*** Given data ***
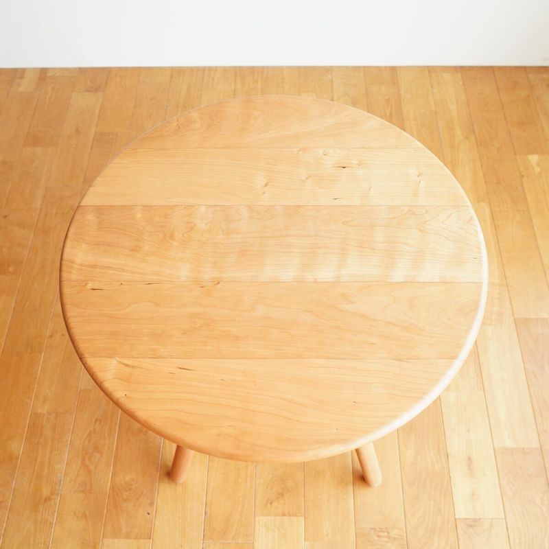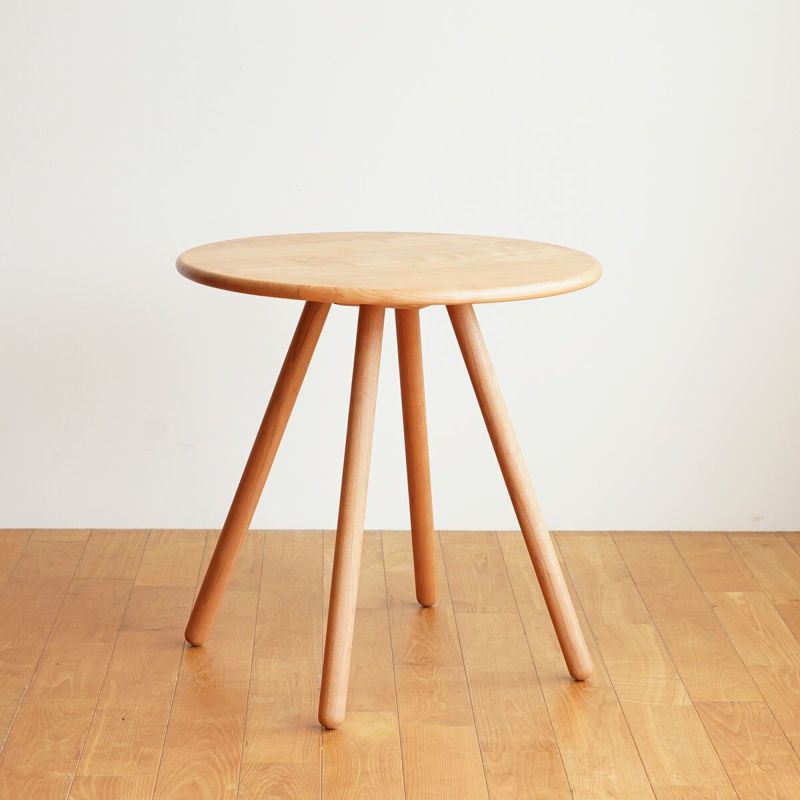 ミニマムサイズながら掛け心地がよい、すっきりとしたシルエットの円形テーブルです。天板裏にある接合穴に脚を差し込み、回すだけで完成。工具は一切必要ありません。
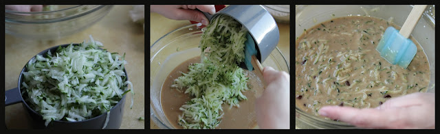 And then tightly squeezed in cheese cloth to get out the excess moisture. The Husband pointed out that this was the 3rd time I've done this step on this blog. The truth is when you are dealing with vegetables they innately have a lot of moisture in them. In some dishes, this moisture really works against the end result by either denying it the opportunity to brown (like in Latkahs) or requiring a much longer cooking time to cook off (like in the Relish). In this case the Zucchini is an ingredient that is supposed to add moisture to the end result. To much of this moisture, however, will increase baking time significantly. So for the sake of sanity, squeeze out as much as you can.
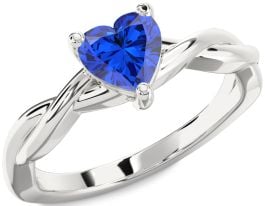 Blue Sapphire White Gold Heart Knot Solitaire Engagement Ring
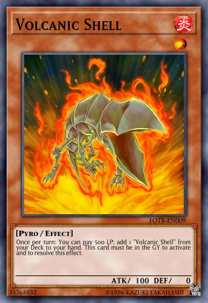 Once per turn: You can pay 500 Life Points; add 1 "Volcanic Shell" from your Deck to your hand. This card must be in the Graveyard to activate and to resolve this effect.
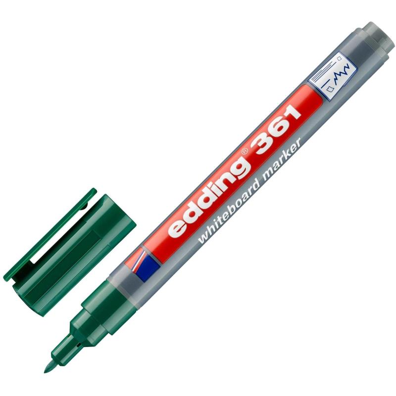 Маркер для досок Edding 361 с технологией «cap off». Тонкая линия — 1 мм.<BR>Данные маркеры можно использовать на магнитно маркерных досках, а так же на флипчартах.<BR>Круглый наконечник.<BR>Пластиковый корпус.<BR>Цвет: черный.<BR>Стирается сухой губкой<BR>Производство — Германия.<BR>Чернила на спиртовой основе.<BR><BR>Внимание! Маркеры для досок необходимо хранить в горизонтальном положении или фетром вниз.
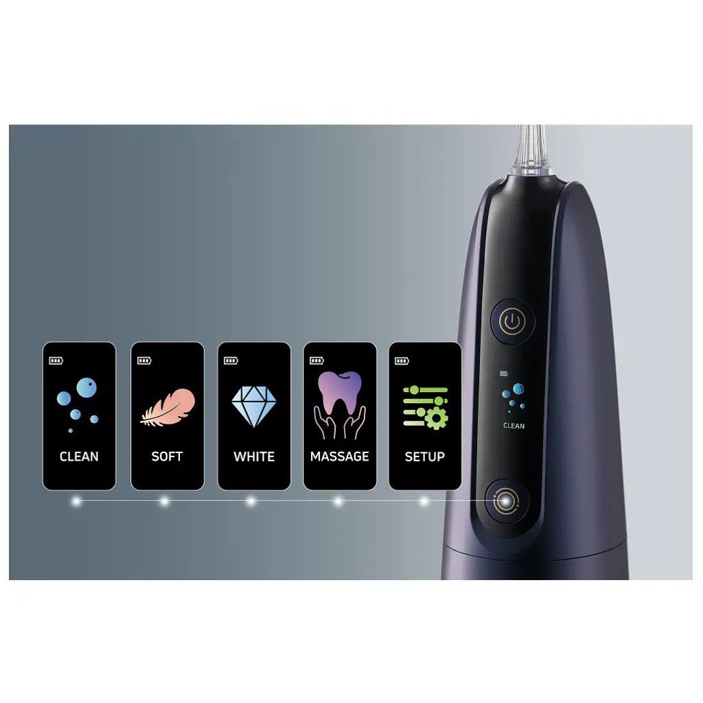 - 5 provozních režimů: Soft (jemné čištění pro citlivé zuby), Clean (každodenní použití), White (důkladné čištění), Massage (masáž dásní) a Setup (vlastní nastavení tlaku vody).
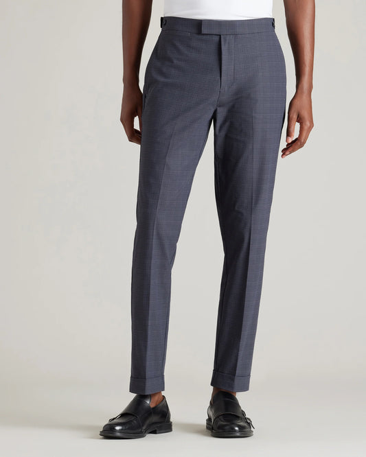 Rhone Blue & Brown Gingham Semi Spread Collar Commuter Shirt
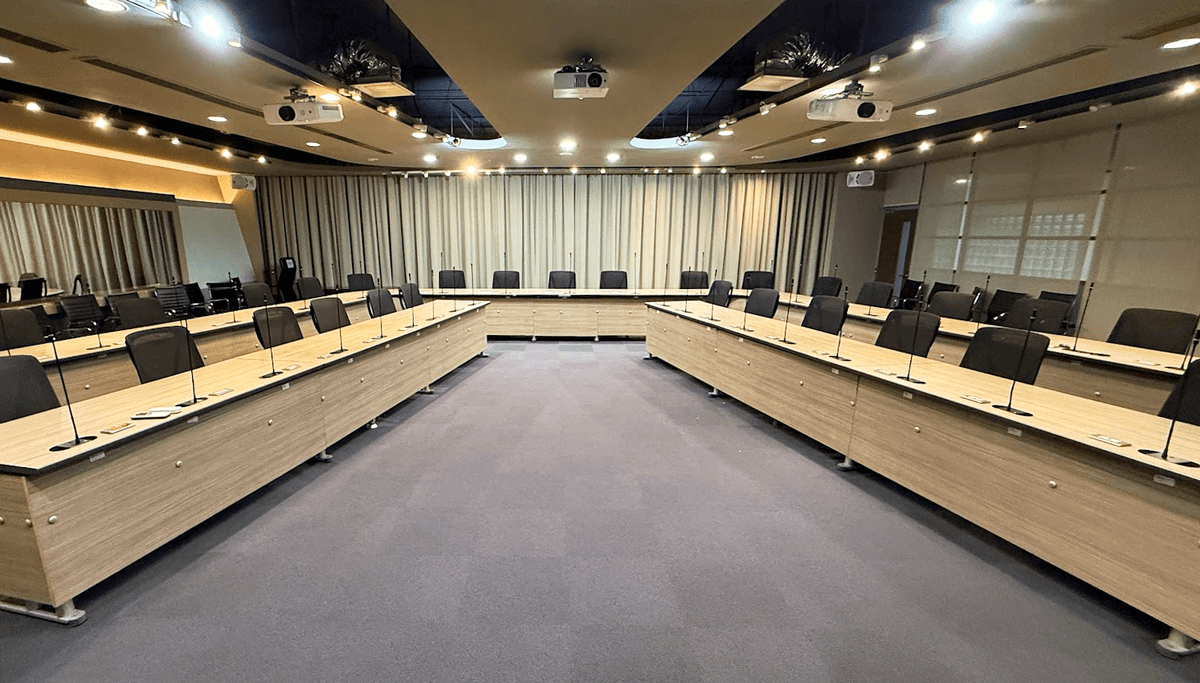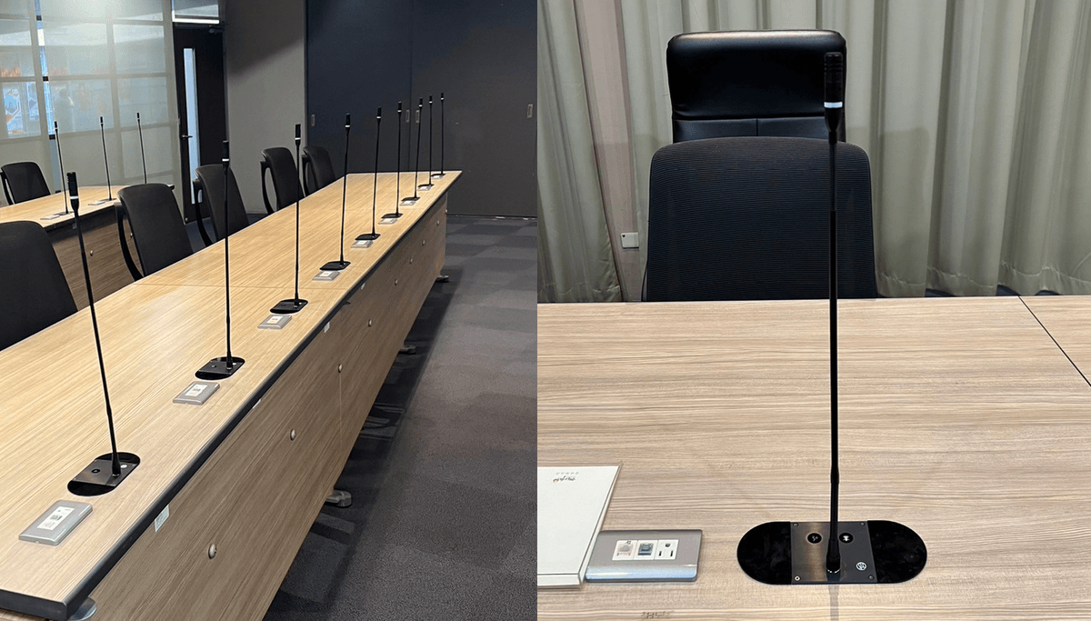在此次會議室升級專案中,最大的挑戰在於如何妥善處理桌面上原本留下的超大孔洞。為了兼顧功能與美觀,我們選用了 DCS 7000 嵌入式麥克風 作為核心設備。
*** End of Given data ***
= Task to complete =
Exactly the lines from the top of the entries through the line with "Rhone Blue &", inclusive, must be given again, with every picture omitted.

= Reply to the task =
 ミニマムサイズながら掛け心地がよい、すっきりとしたシルエットの円形テーブルです。天板裏にある接合穴に脚を差し込み、回すだけで完成。工具は一切必要ありません。
 And then tightly squeezed in cheese cloth to get out the excess moisture. The Husband pointed out that this was the 3rd time I've done this step on this blog. The truth is when you are dealing with vegetables they innately have a lot of moisture in them. In some dishes, this moisture really works against the end result by either denying it the opportunity to brown (like in Latkahs) or requiring a much longer cooking time to cook off (like in the Relish). In this case the Zucchini is an ingredient that is supposed to add moisture to the end result. To much of this moisture, however, will increase baking time significantly. So for the sake of sanity, squeeze out as much as you can.
 Blue Sapphire White Gold Heart Knot Solitaire Engagement Ring
 Once per turn: You can pay 500 Life Points; add 1 "Volcanic Shell" from your Deck to your hand. This card must be in the Graveyard to activate and to resolve this effect.
 Маркер для досок Edding 361 с технологией «cap off». Тонкая линия — 1 мм.<BR>Данные маркеры можно использовать на магнитно маркерных досках, а так же на флипчартах.<BR>Круглый наконечник.<BR>Пластиковый корпус.<BR>Цвет: черный.<BR>Стирается сухой губкой<BR>Производство — Германия.<BR>Чернила на спиртовой основе.<BR><BR>Внимание! Маркеры для досок необходимо хранить в горизонтальном положении или фетром вниз.
 - 5 provozních režimů: Soft (jemné čištění pro citlivé zuby), Clean (každodenní použití), White (důkladné čištění), Massage (masáž dásní) a Setup (vlastní nastavení tlaku vody).
 Rhone Blue & Brown Gingham Semi Spread Collar Commuter Shirt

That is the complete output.